Reproduce the records word for word, leaving out any pictures they hold.

......

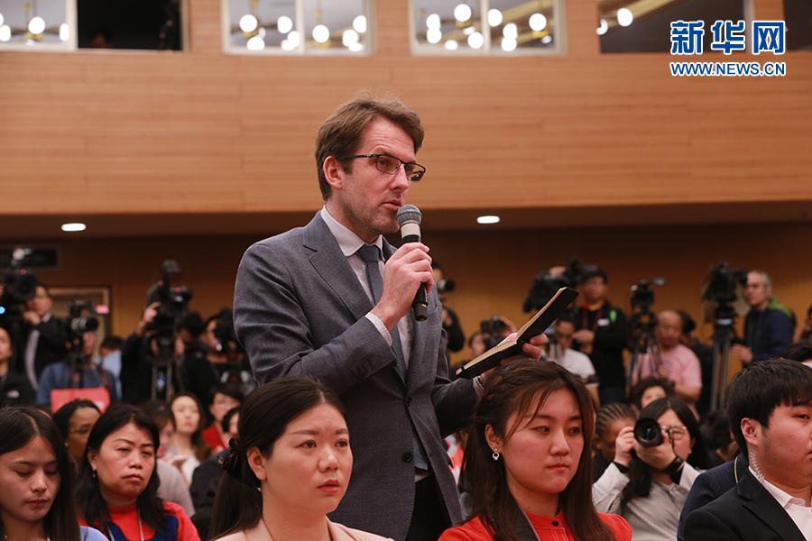 十三屆全國人大二次會議新聞中心于3月6日(星期三)上午10時在梅地亞中心新聞發布廳舉行記者會,邀請國家發展改革委主任何立峰,副主任寧吉喆、連維良就“大力推動經濟高質量發展”相關問題回答中外記者的提問。圖為彭博新聞社記者提問。新華網/中國政府網 馬娟 攝
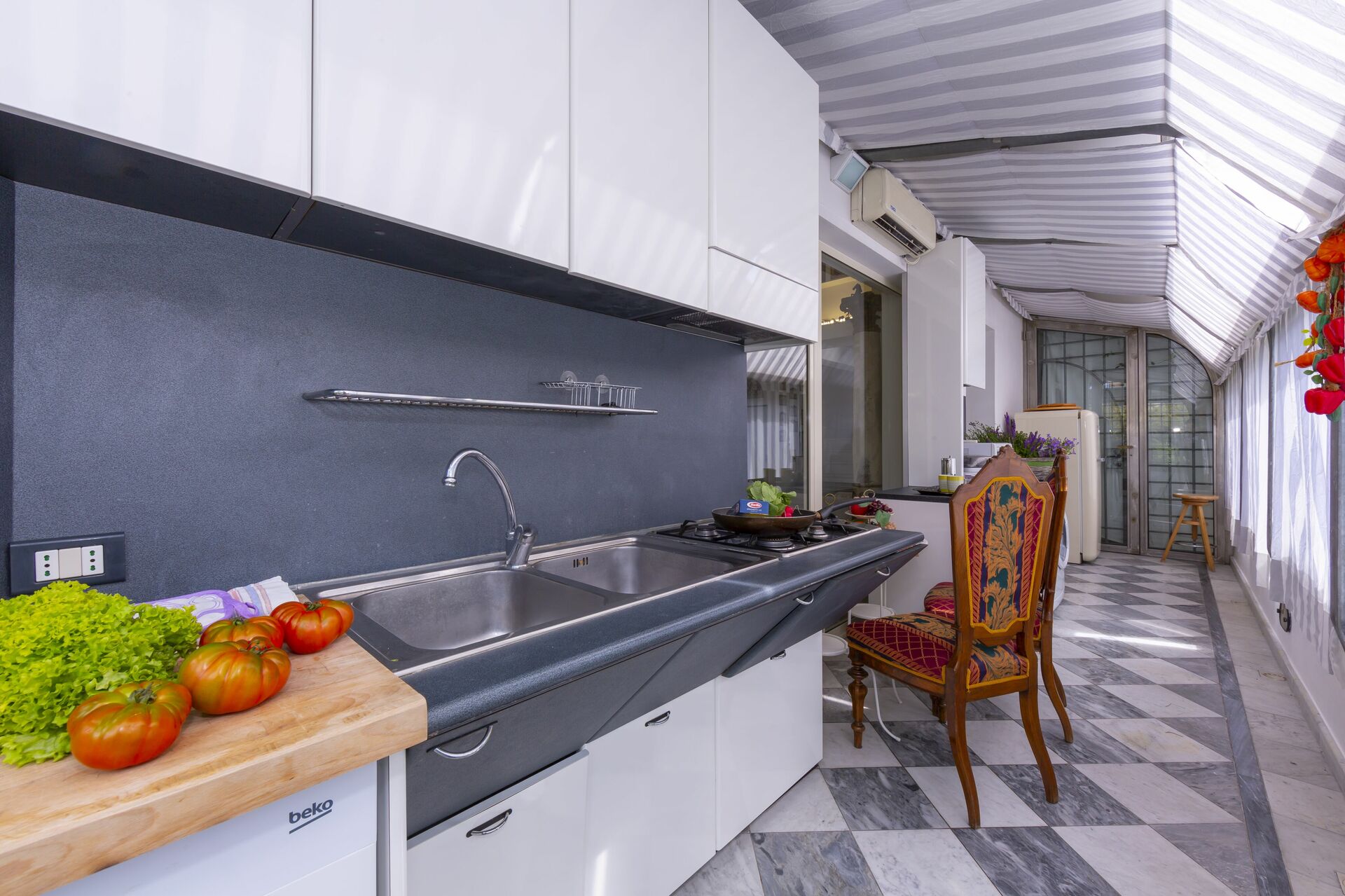 terrasse: espace extérieur pour les repas en plein air, table à manger (personnes: 4), meuble de terrace, chaise longue.
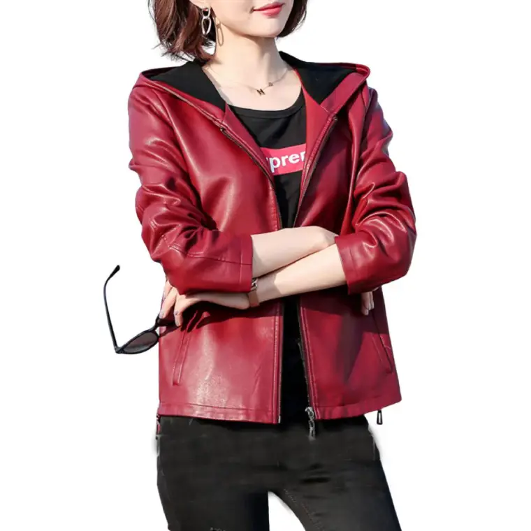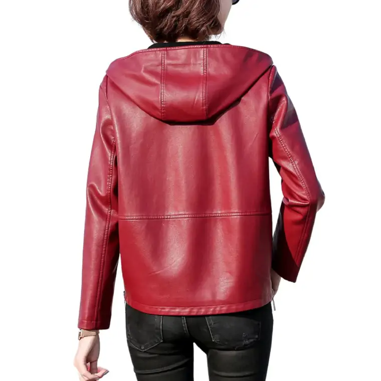 Designed as a red hooded leather jacket, it works well for casual styling, pairing effortlessly with denim or neutral layers. It’s a reliable option when you want color, comfort, and everyday practicality in one piece.
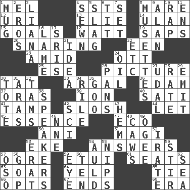 ACROSS 1. Cartoonist voice _ Blanc 4. Fast planes 8. Female horse 12. RI univ. 13. Writer Wiesel 14. Uhlan (variant) 15. Finish lines 18. Electrical Unit 19. Plant excrements 20. Catching in a trap 22. Car or cant ending 23. Among 24. Baseball player Mel 25. Compass dir. 26. Photo 30. Make lace 33. Therefore, facetiously 36. Dutch treat 37. Mouths or openings 39. Electrically charged atom 40. Suttee (variant) 41. Pack (down) 42. Agitate, as a liquid 44. Allow 45. Substance 47. Environmental prefix 50. Cuckoo 51. Wise men 53. Supplement with great effort 54. Replies 57. Legendary monster 59. Needle case 61. Theater features 63. Fly high 64. Sharp bark 65. Make a knot 66. Chooses 67. Extremities 68. Period DOWN 1. Large cup 2. Greek god of love 3. Climbing, woody, usually tropical vines 4. Stitched 5. Volcanic refuse 6. Teat (slang) 7. Arrange properly for use 8. French bagpipes 9. Actor Alda or Thicke 10. Hit sharply and swiftly 11. Followers of ems 16. Unable to walk 17. Indian titles of respect 21. It may be bright or harebrained 22. And so on (abbr.) 24. Lubricate 26. Baking dishes 27. Hereditary estate 28. Assign a rank or rating to 29. Send forth 30. Carryall 31. Ancient river in northeast Turkey 32. Scottish caps 34. Cause heat under the collar 35. Thick or sticky substance 38. Orators 42. _-fi 43. Is hesitant and indecisive 46. Compass dir. 48. Crow sounds 49. Double curve, resembling the letter S 52. Feeling or showing extreme anger 53. Part of Q.E.F. 54. Old (Scot.) 55. Pinches, bites 56. Commotion 57. Bear (Spanish) 58. Grand Old Party 59. Sight organ 60. "___ Little Indians" 62. Ocean
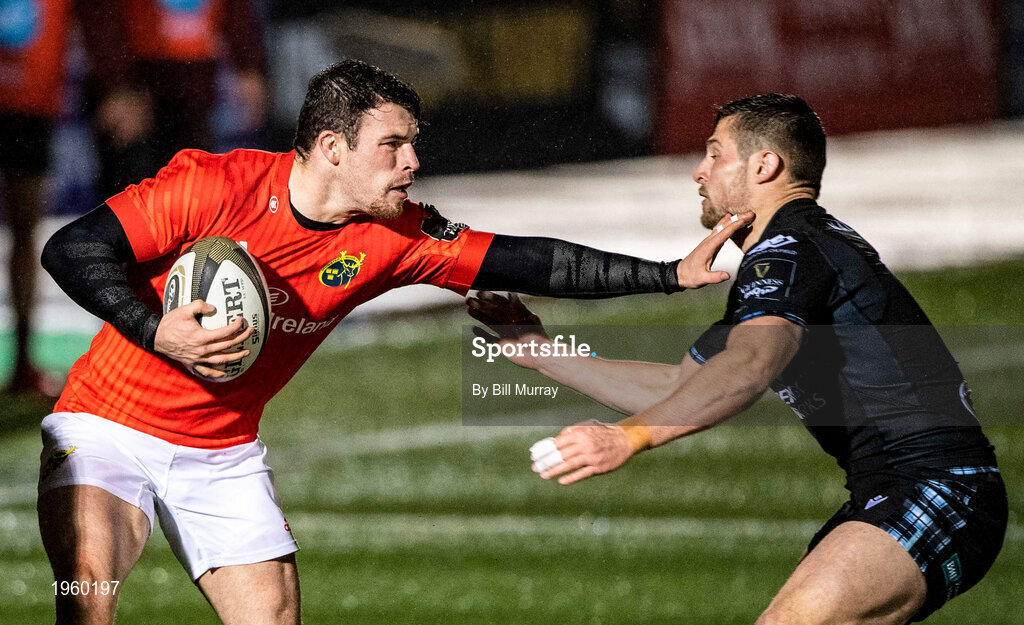 23 November 2020; Calvin Nash of Munster is tackled by Robbie Fergusson of Glasgow Warriors during the Guinness PRO14 match between Glasgow Warriors and Munster at Scotstoun Stadium in Glasgow, Scotland. Photo by Bill Murray/Sportsfile

......

FINAL ANSWER
 十三屆全國人大二次會議新聞中心于3月6日(星期三)上午10時在梅地亞中心新聞發布廳舉行記者會,邀請國家發展改革委主任何立峰,副主任寧吉喆、連維良就“大力推動經濟高質量發展”相關問題回答中外記者的提問。圖為彭博新聞社記者提問。新華網/中國政府網 馬娟 攝
 terrasse: espace extérieur pour les repas en plein air, table à manger (personnes: 4), meuble de terrace, chaise longue.
 Designed as a red hooded leather jacket, it works well for casual styling, pairing effortlessly with denim or neutral layers. It’s a reliable option when you want color, comfort, and everyday practicality in one piece.
 ACROSS 1. Cartoonist voice _ Blanc 4. Fast planes 8. Female horse 12. RI univ. 13. Writer Wiesel 14. Uhlan (variant) 15. Finish lines 18. Electrical Unit 19. Plant excrements 20. Catching in a trap 22. Car or cant ending 23. Among 24. Baseball player Mel 25. Compass dir. 26. Photo 30. Make lace 33. Therefore, facetiously 36. Dutch treat 37. Mouths or openings 39. Electrically charged atom 40. Suttee (variant) 41. Pack (down) 42. Agitate, as a liquid 44. Allow 45. Substance 47. Environmental prefix 50. Cuckoo 51. Wise men 53. Supplement with great effort 54. Replies 57. Legendary monster 59. Needle case 61. Theater features 63. Fly high 64. Sharp bark 65. Make a knot 66. Chooses 67. Extremities 68. Period DOWN 1. Large cup 2. Greek god of love 3. Climbing, woody, usually tropical vines 4. Stitched 5. Volcanic refuse 6. Teat (slang) 7. Arrange properly for use 8. French bagpipes 9. Actor Alda or Thicke 10. Hit sharply and swiftly 11. Followers of ems 16. Unable to walk 17. Indian titles of respect 21. It may be bright or harebrained 22. And so on (abbr.) 24. Lubricate 26. Baking dishes 27. Hereditary estate 28. Assign a rank or rating to 29. Send forth 30. Carryall 31. Ancient river in northeast Turkey 32. Scottish caps 34. Cause heat under the collar 35. Thick or sticky substance 38. Orators 42. _-fi 43. Is hesitant and indecisive 46. Compass dir. 48. Crow sounds 49. Double curve, resembling the letter S 52. Feeling or showing extreme anger 53. Part of Q.E.F. 54. Old (Scot.) 55. Pinches, bites 56. Commotion 57. Bear (Spanish) 58. Grand Old Party 59. Sight organ 60. "___ Little Indians" 62. Ocean
 23 November 2020; Calvin Nash of Munster is tackled by Robbie Fergusson of Glasgow Warriors during the Guinness PRO14 match between Glasgow Warriors and Munster at Scotstoun Stadium in Glasgow, Scotland. Photo by Bill Murray/Sportsfile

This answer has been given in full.